Detecting & Blocking Harmful, Toxic, or Inappropriate Content in LLM Applications

What is Content Filtering?

Content filtering in LLM applications involves detecting, classifying, and blocking harmful, toxic, or inappropriate content in both user inputs and AI-generated outputs. It's essential for creating safe, trustworthy AI experiences while meeting regulatory and brand safety requirements.

"Content moderation is essential for AI systems interacting with users. Without proper filtering, LLMs can generate harmful content, be manipulated to produce policy-violating outputs, or amplify existing biases."

Toxicity

Hate, harassment, threats

NSFW

Adult, explicit content

Illegal

Illegal activities, violence

Misinformation

False claims, propaganda

Harmful Content Categories

Category Description Examples Action
Hate Speech Attacks based on protected characteristics Racism, sexism, religious discrimination Block
Violence Threats, graphic violence, self-harm Threats, instructions for harm Block
Sexual Content Explicit or suggestive material Adult content, solicitation Block
Harassment Bullying, intimidation, stalking Personal attacks, doxxing Block
Dangerous Activities Instructions for harm or illegal acts Weapons, drugs, hacking Block
Profanity Strong language, obscenities Curse words, vulgar language Warn/Filter
Spam/Scams Fraudulent or deceptive content Phishing, get-rich-quick schemes Block

Filtering Approaches

Keyword/Pattern Blocklists

Simple lists of banned words, phrases, or regex patterns. Fast but easily bypassed with misspellings, leetspeak, or creative wording.

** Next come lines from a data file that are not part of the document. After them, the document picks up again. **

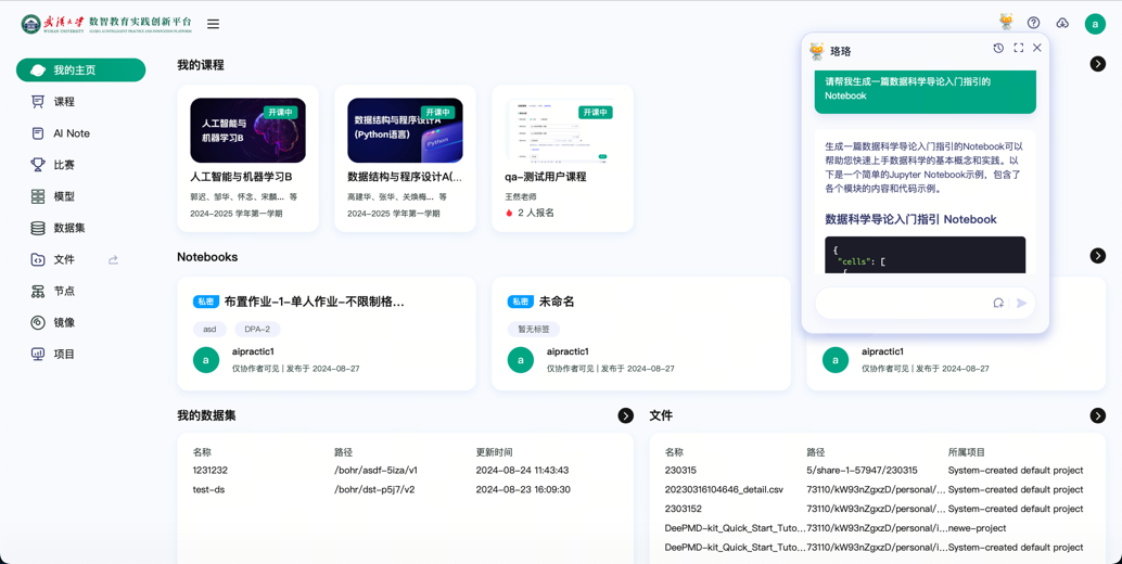 与此同时,在卫星导航定位技术研究中心的办公室里,郭迟老师正紧张地准备着“人工智能与机器学习”的课程。他的目光不时落在电脑屏幕上的武汉大学数智教育实践创新平台(简称“实创平台”),在那里,另一位AI助教珞珞正以活泼好动的姿态等待着同学们的到来。不同于珈珈的温婉书香,珞珞更像是一位充满激情的探险家,他助力同学们动手编代码,引领同学们在数字技术的底层架构中探索与遨游。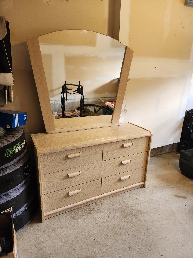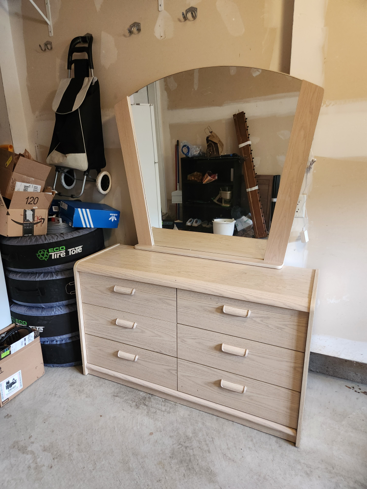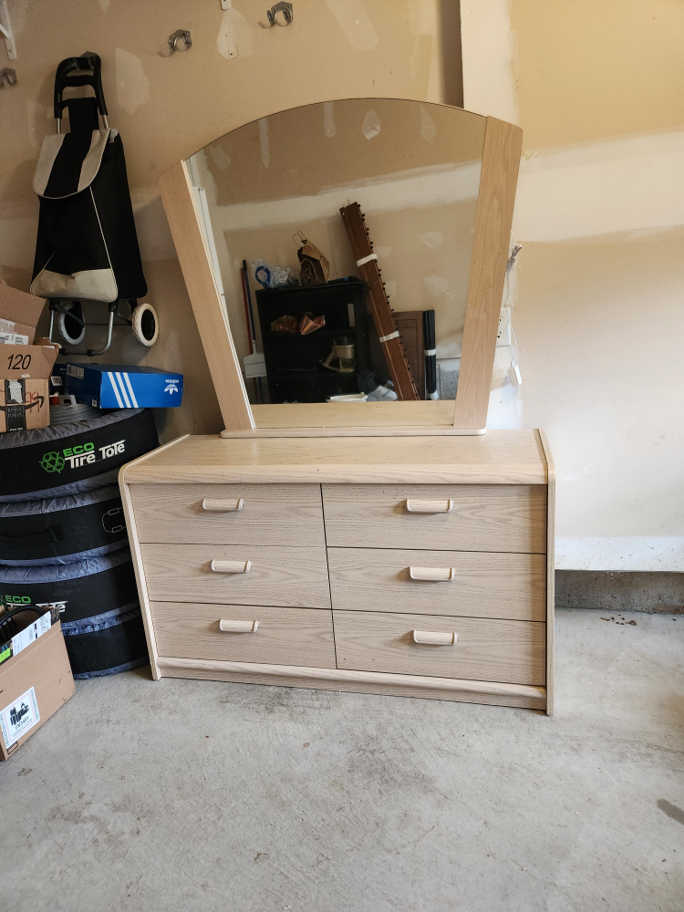 Wooden dresser with a mirror for sale in Mississauga -good condition, the mirror just needs to be screwed back into place -dimensions for dresser: 50x17x30 -dimensions for mirror: 40x37 -cash or e-transfer accepted (*NO LINKS*, ONLY THROUGH EMAIL OR PHONE) -come to my location for pickup *Don't ask for delivery, I will not deliver this*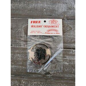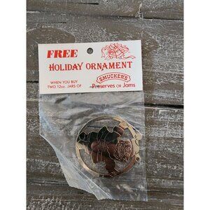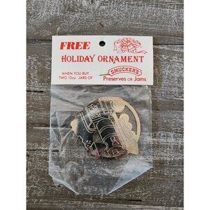 Enhance your holiday decor with this vintage 1984 set of Smucker's collectible ornaments. Featuring charming Santa and train designs, these ornaments add nostalgia to any festive setting.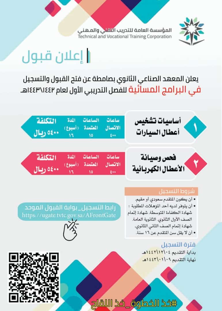 . في برنامج أساسيات تشخيص أعطال السيارات، وبرنامج فحص وصيانة الأعطال الكهربائية، ويمتد https://ugate.tvtc.gov.sa/AFrontGateكل برنامج 16 أسبوعاً .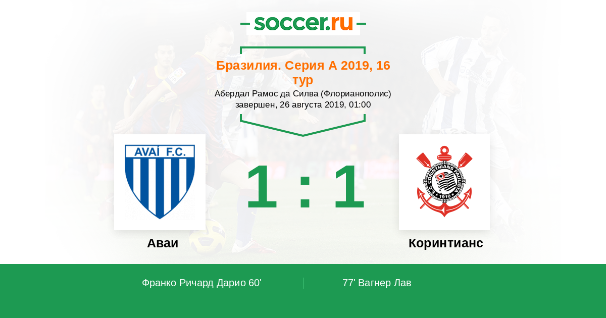 Аваи - Коринтианс: обзор матча 26 августа 2019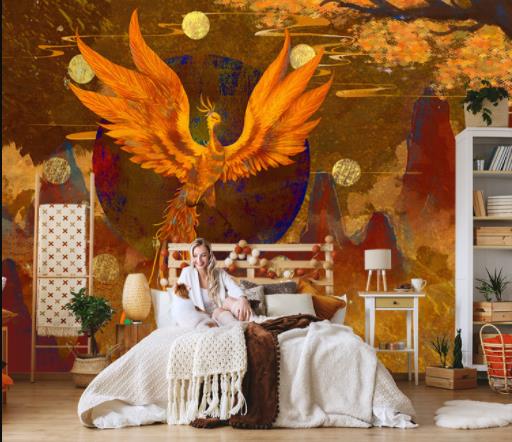 Chinese hand-painted abstract art god beast rosefinch wallpaper sitting room TV setting wall paper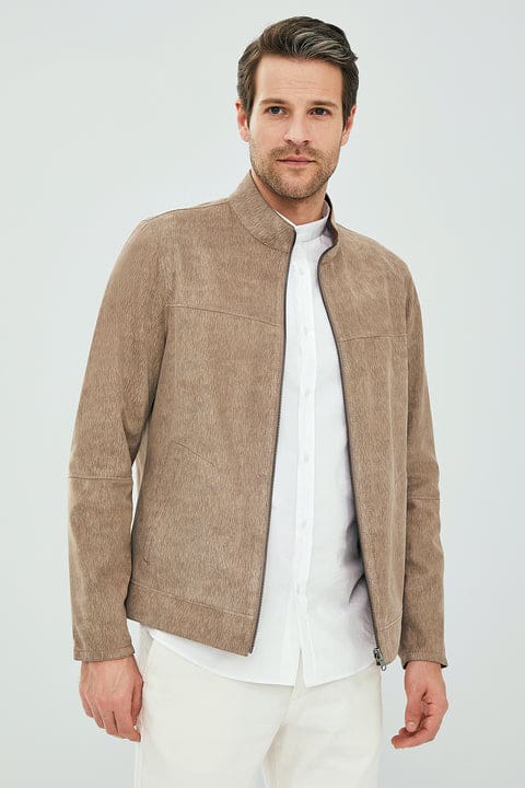 Diego Erkek Bej Çift Taraflı Spor Deri Ceket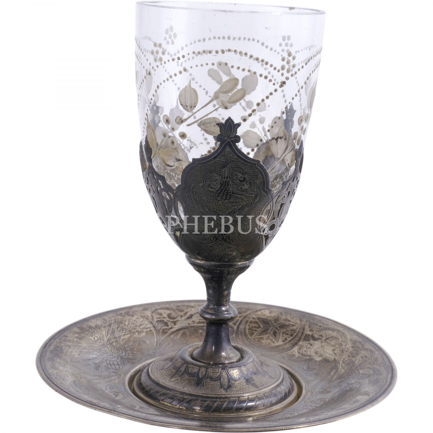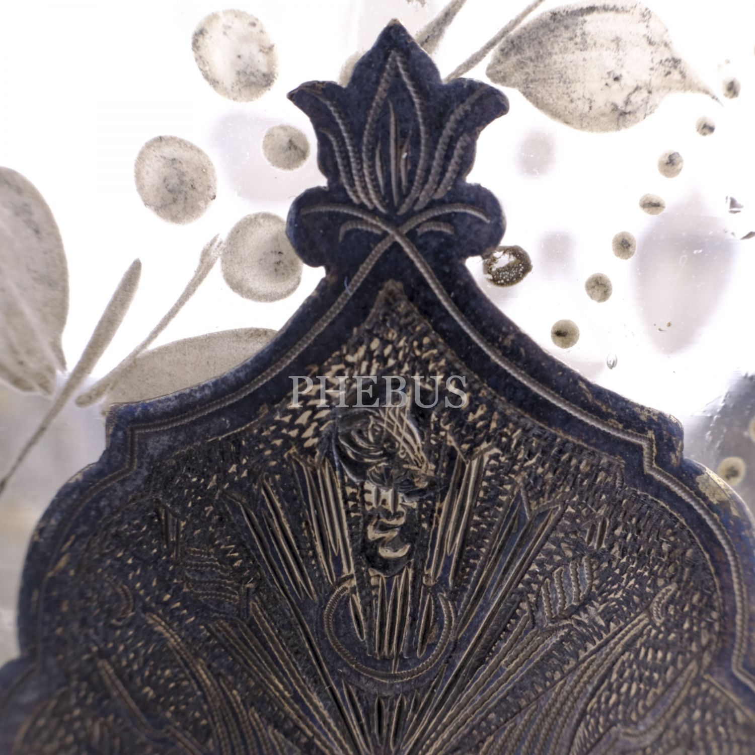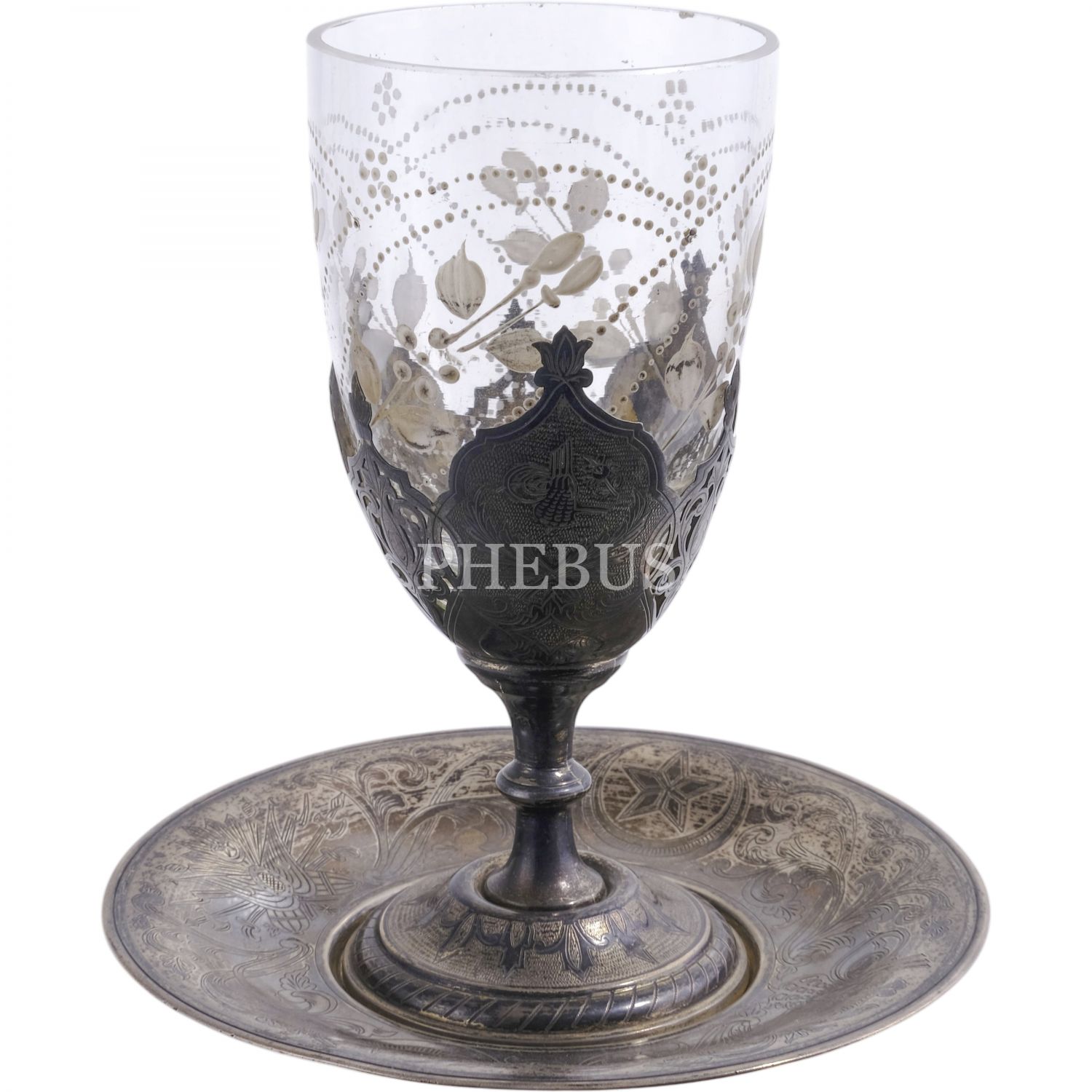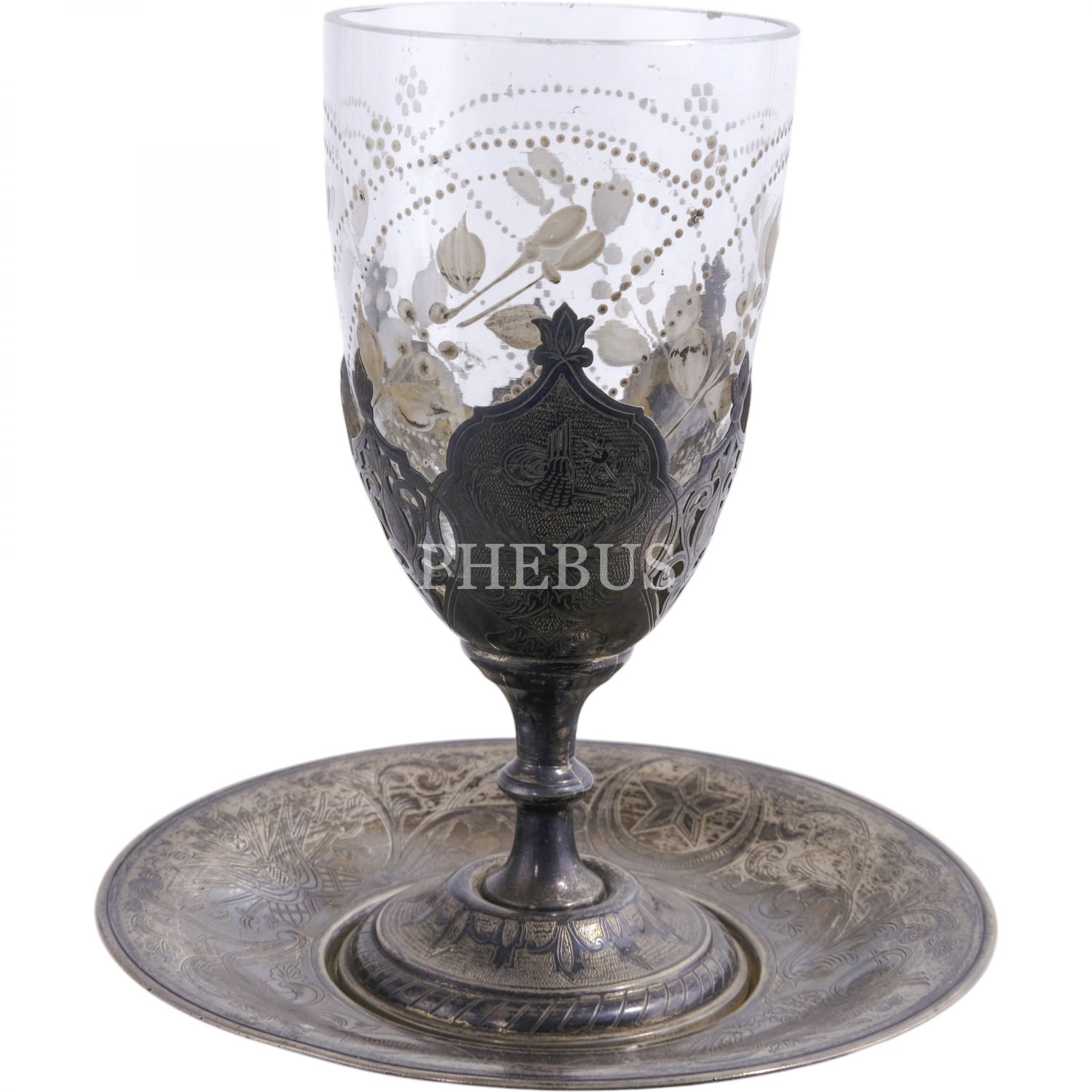 El boyama floral desenli cam kadeh ve kalem işçiliğiyle arma, ay-yıldız gibi detaylarla bezenmiş, tuğralı gümüş zarf ve tabağı, zarf ve tabak 172 g., 16x7,5 cm...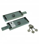 Cifratura KA a coppia. A doppia mappa. Per installazione laterale con catenaccio dritto a 2 mandate. Corsa catenacci Mm. 22. Scatola in acciaio zincato da Mm. 155x56, spessore Mm. 18,5. In dotazione: 2 chiavi.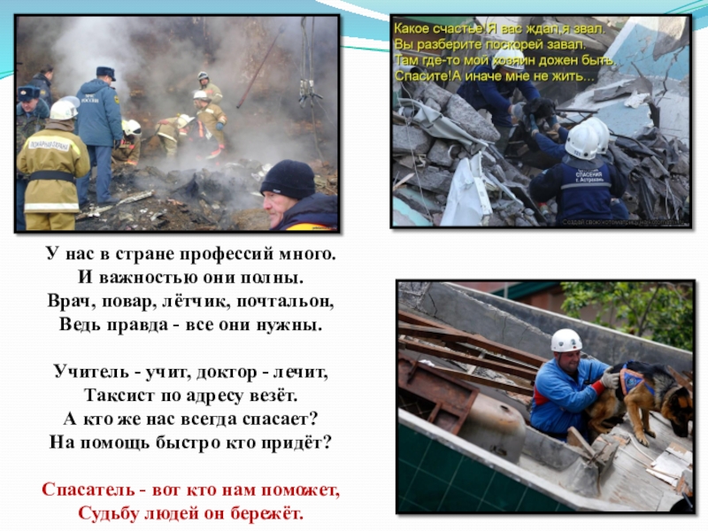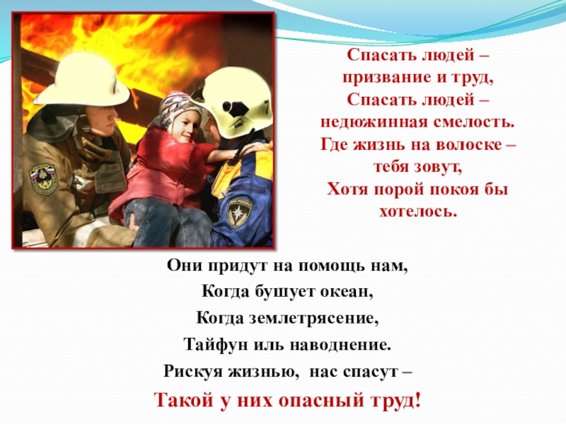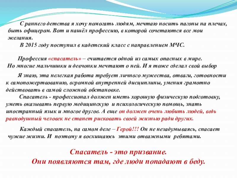 Спасатель - профессионал должен иметь хорошую физическую подготовку, уметь оказывать первую медицинскую и психологическую помощь, знать иностранный язык и многое другое. А еще он должен очень любить людей, ведь равнодушный человек не станет рисковать своей жизнью ради других.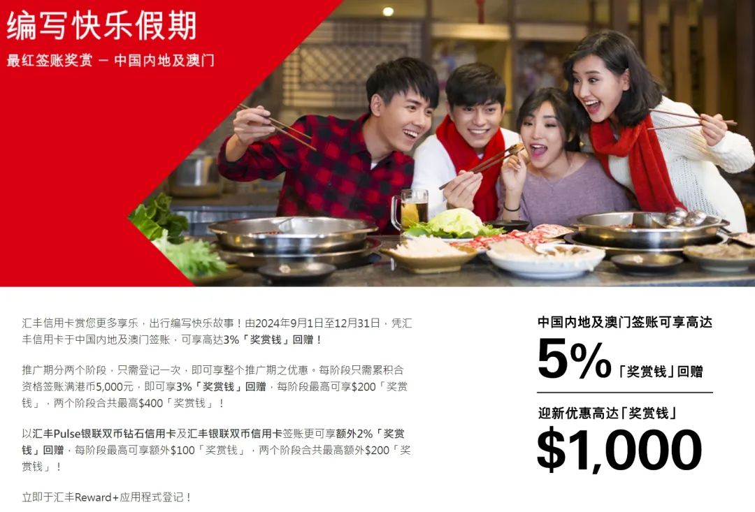 “最红签账奖赏 - 中国内地及澳门”活动续期。即日起到年底,用Pulse卡在内地和澳门消费,最高可以获得5%返现。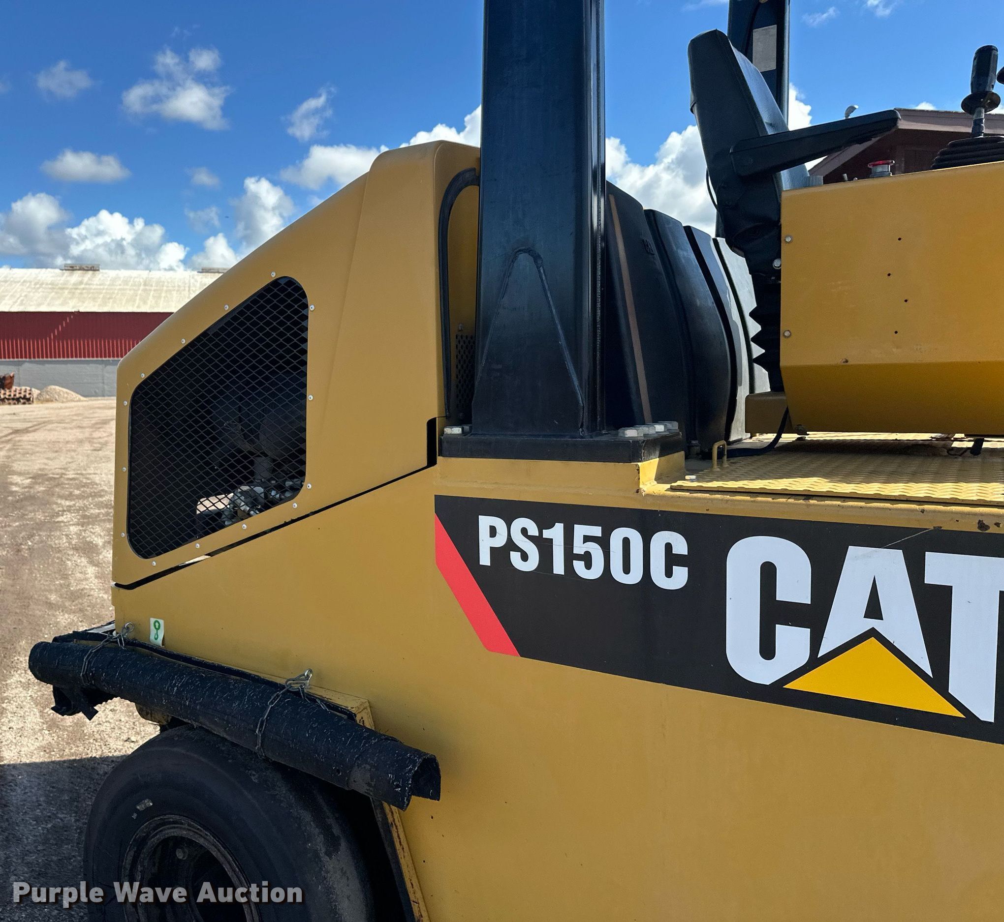 2009 Caterpillar PS-150C pneumatic roller. Hours: 1,583 on meter, Serial: CATPS150TFPS00851. Engine Caterpillar, Displacement: 4.4L, Cylinders: 4, Fuel type: Diesel. Transmission Hydrostatic. Operators station Vandal cover. Features Drum scrapers: Front, Rear. Tires Size: 7.5-15. Marathon County, WI Highway Department. Wausau, WI 54401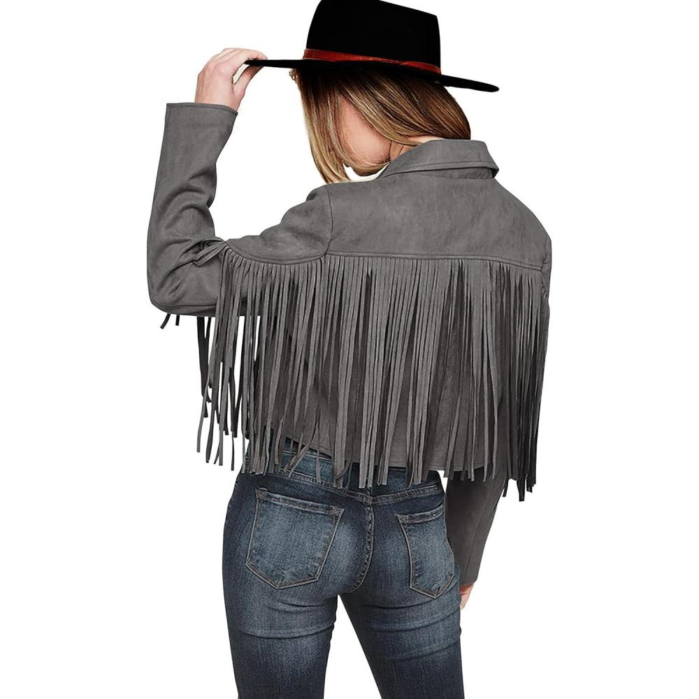 PRETTYGARDEN Women's Fringe Faux Suede Leather Jackets Fall Fashion 2025 Tassel Motorcycle Cropped Coats(Silver Grey)

Fast Simple Easily bypassed High false positives

ML Classification Models

Trained classifiers (transformers, BERT-based) that understand context and semantics. More robust than keywords but require ML infrastructure and training data.

Context-aware Nuanced detection Requires training Recommended

LLM-as-a-Judge

Using another LLM (like GPT-4, Claude, or Llama Guard) to evaluate content safety. Highly flexible and can follow nuanced policies but adds latency and cost.

Highly flexible Policy-aware Higher latency Additional cost

Multimodal Filtering

Specialized models for images, audio, and video content. Essential for applications that generate or process media beyond text.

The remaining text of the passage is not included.